Almost three quarters of the population belong to Buddhism. The culture is developed based on tantric Buddhism. Each village has a dzong(fortress) which is the religious and administrative center of the village.
Buddhist teaching is administered at the monasteries by the chief monks to the followers. The national dress code of the Bhutanese people is known as Driglam Namzha . All men and women wear this as a mark of their culture and tradition.
In Bhutanese cultural society, women play a important role than men as women are not suppressed in Bhutanse society. Women have the property rights as they are the land owners.
Matrilinearity is the inheritance of property, if the main owner of the family is unable to run the duty , it is assigned to a sister, daughter or niece. In the villages, men are the homemaker and women do outdoor activities, but now an urban culture has developed where women play the role of homemaker and the men play the role of breadwinner.
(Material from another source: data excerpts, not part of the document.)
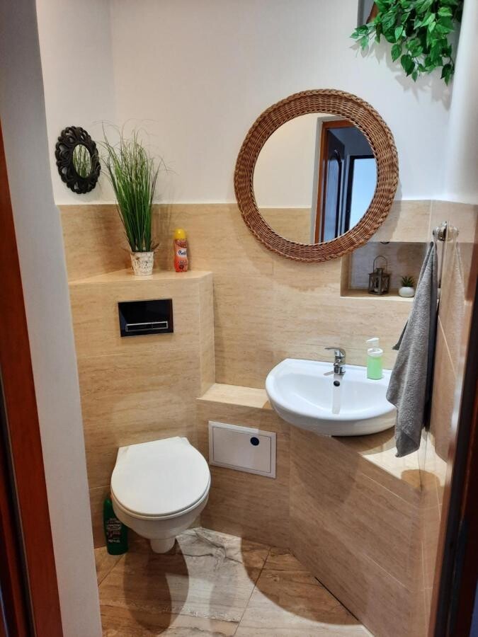 Apartament znajduje się w malowniczej okolicy, otoczonej zielenią i pięknymi lasami. To idealne miejsce dla miłośników natury, którzy chcą cieszyć się świeżym powietrzem i pięknymi widokami. W pobliżu znajduje się również jezioro, gdzie można popływać i zrelaksować się na plaży.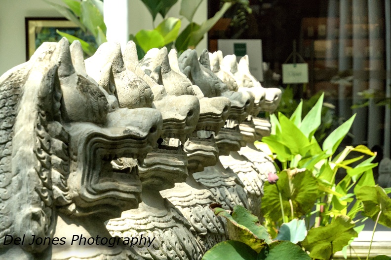 Dragons standing guard at the Plantation hotel, Cambodia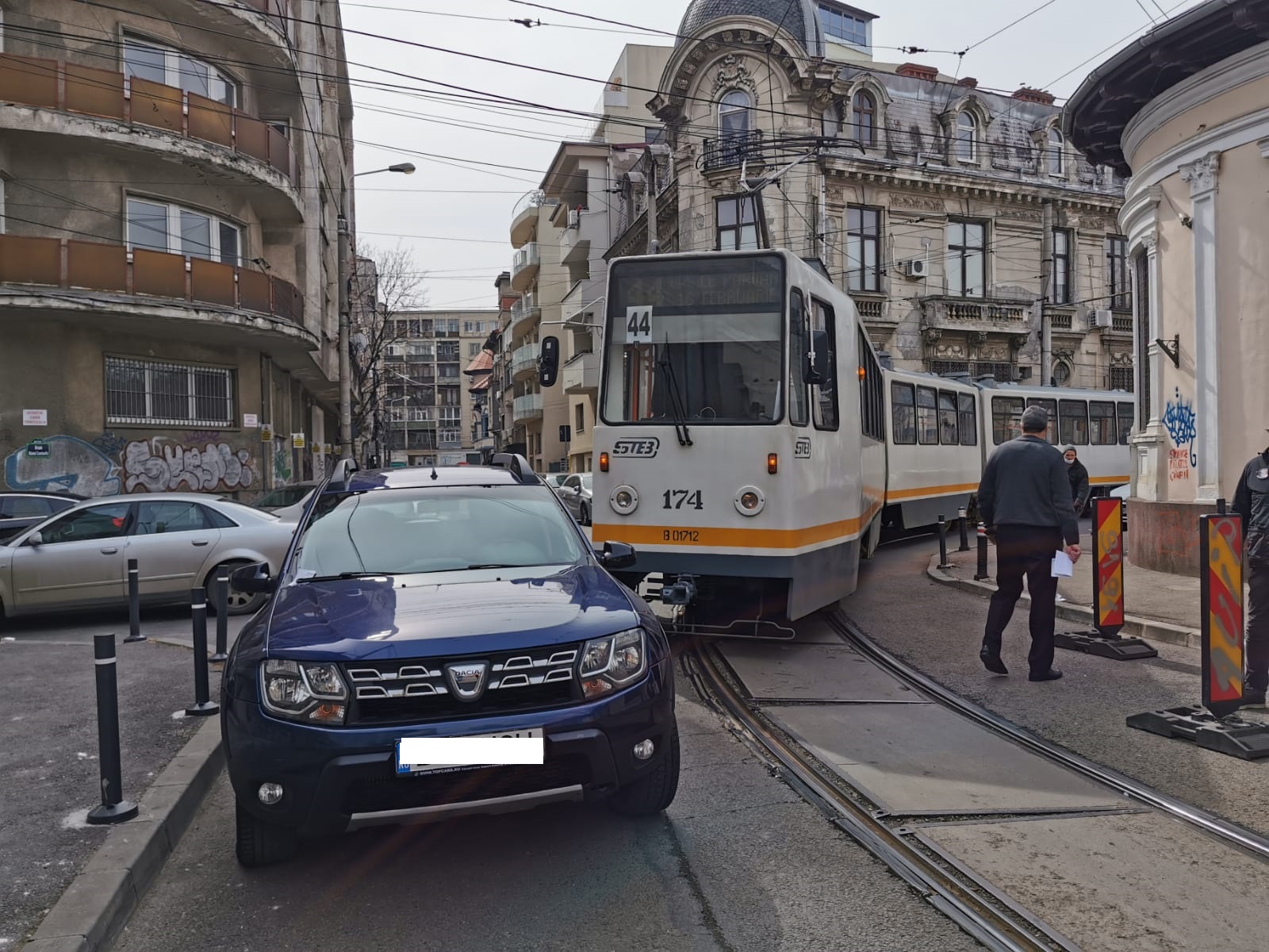 O masina parcată neregulamentar a blocat marti circulația tramvaielor de pe linia 44.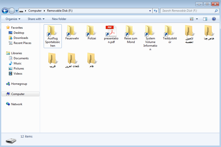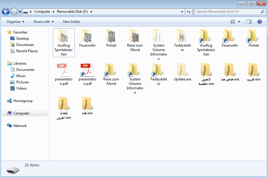 Unlike Spora there are tell-tale signs of the USB drive infection, like the arrow in the corner of the shortcut icons and the additional Arabic executables.

In the religious culture of Bhutanese society, both men and women can be monks and the women monk is less in number. The monks have to join the monasteries at the age of 6 to 9 and the monasteries are the teaching centers of Buddhism and religious theology.
The Bhutanese have their own marriage system , the grooms go to the bride’s house after marriage, but the bride or groom can have their own decision regarding their stay after marriage which mostly depends on the needs of labor. Religious festival is a part and parcel of the Bhutanese society and once in a year the Bhutanese people celebrate a grand religious festival and mask dances are performed at the festivals.